Dire que la Fatiha coranique existait en Egypte avant l’islam, c’est ne rien comprendre à cette sourate décisive du Coran. Si Sankharé voulait dire que le Coran portait les traces de Abraham, personne n’y verrait rien à redire, car ce prophète biblique est le plus cité dans le livre sacré des musulmans. Dans la seule sourate 2, son nom revient plus de dix fois. Ailleurs, on le présente comme «le Père des musulmans» qui leur donna cette appellation. «Votre père Abraham, lequel vous a déjà nommés «Musulmans» (Coran,22:78).
Ensuite, le professeur fait la distinction entre ceux qu’il appelle des ndongo darra et les intellectuels pour dire que seuls ces derniers l’intéressent. En fait, pour avoir passé près de 35 ans à l’Ucad, je sais que notre institution universitaire regorge de vrais scientifiques qui furent d’abord des ndongo dara avant de rejoindre l’école occidentale et en sont sortis brillants sans perdre leur âme.
Dans l’entretien, on trouve une remise en cause du voyage nocturne du Prophète Muhammad (psl) et une erreur grossière à propos du contenu de la sourate de La Conquête : «Il n’est pas allé en haut.» Et à la sourate 110, les gens lui disent : «Nous ne te croirons pas à moins que tu ne montes au ciel. Et même si tu montes, nous ne te croirons pas si tu ne descends pas un Livre.» La sourate 110, dite sourate de La Conquête, évoque l’évènement majeur survenu en l’an 8 de l’hégire, l’entrée triomphale du prophète Muhammad (psl) dans sa ville natale.

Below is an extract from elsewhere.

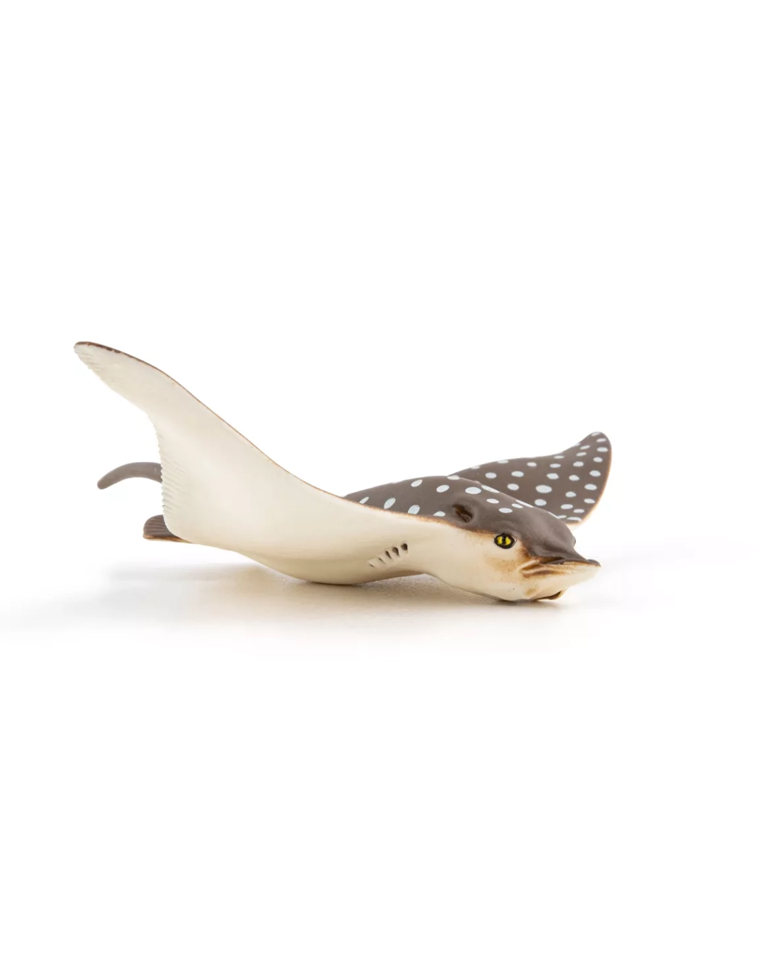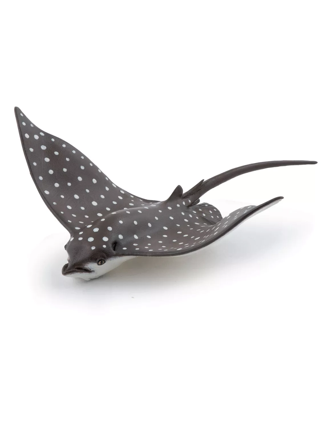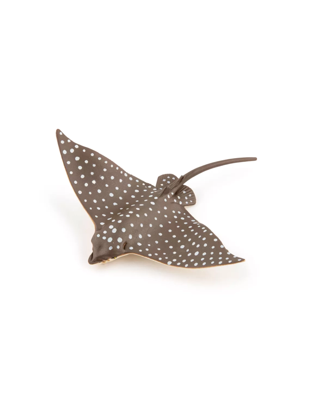 La raie léopard (Himantura leoparda) est un chondrichtyen benthique spectaculaire reconnaissable à sa livrée gris-bleu ponctuée de taches blanches évoquant la robe du félin éponyme. Ce batoidé de grande taille colonise les fonds sableux et vaseux des eaux tropicales indo-pacifiques où son camouflage parfait le rend quasiment invisible. Armement défensif redoutable : sa queue effilée porte 1 à 6 épines venimeuses rétro-dentelées à sa base, capable d'infliger des blessures douloureuses voire mortelles aux prédateurs imprudents. Le venin neurotoxique provoque nécroses tissulaires et paralysies respiratoires chez l'homme. Adaptation alimentaire spécialisée : ses mâchoires puissantes garnies de dents plates broyeuses pulvérisent efficacement coquillages, crustacés et mollusques enfouis qu'elle détecte par électroréception. Technique de chasse par enfouissement : dissimulée sous une fine couche sédimentaire, seuls ses yeux et spiracles dépassent pour surveiller le passage des proies. Reproduction ovovivipare produisant 2-6 jeunes par portée après 6-12 mois de gestation.Figurine Papo peinte à la main

La prétention de l’existence d’une faute grammaticale dans le Coran révèle la fausseté des allégations du Professeur qui se targue d’être un arabisant. C’est surtout parce qu’il ignore les subtilités de cette langue et de ses remarquables tournures stylistiques qu’il croit trouver une faute là où il n’y en a pas. En effet, la lettre laa (ne pas) dans le verset 12 de la sourate 7 est explétive, selon les grammairiens arabes. Aussi, ne peut-elle pas modifier le sens de la phrase : «Qu’est-ce qui t’empêche de (ne pas) te prosterner quand Je te l’ai commandé ?»
Enfin, en attendant de lire l’ouvrage intégralement, je m’en tiens là en espérant que les personnes citées dans l’entretien et les familles concernées s’expliqueront amplement sur les accusations portées contre certains de leurs défunts membres. Je voudrais en plus attirer l’attention des musulmans sur la nécessité d’apprendre leur religion dans les nombreuses publications disponibles sur le marché et dans nos bibliothèques au lieu de s’émouvoir pour des écrits dont le caractère scientifique est plus que discutable.

Khadim MBACKE
Professeur titulaire de classe exceptionnelle
Islamologue et arabisant
Diplômés de l’Université islamique de Médine (Arabie saoudite) de la Sorbonne (Paris IV) France et de l’Ucad à la retraite.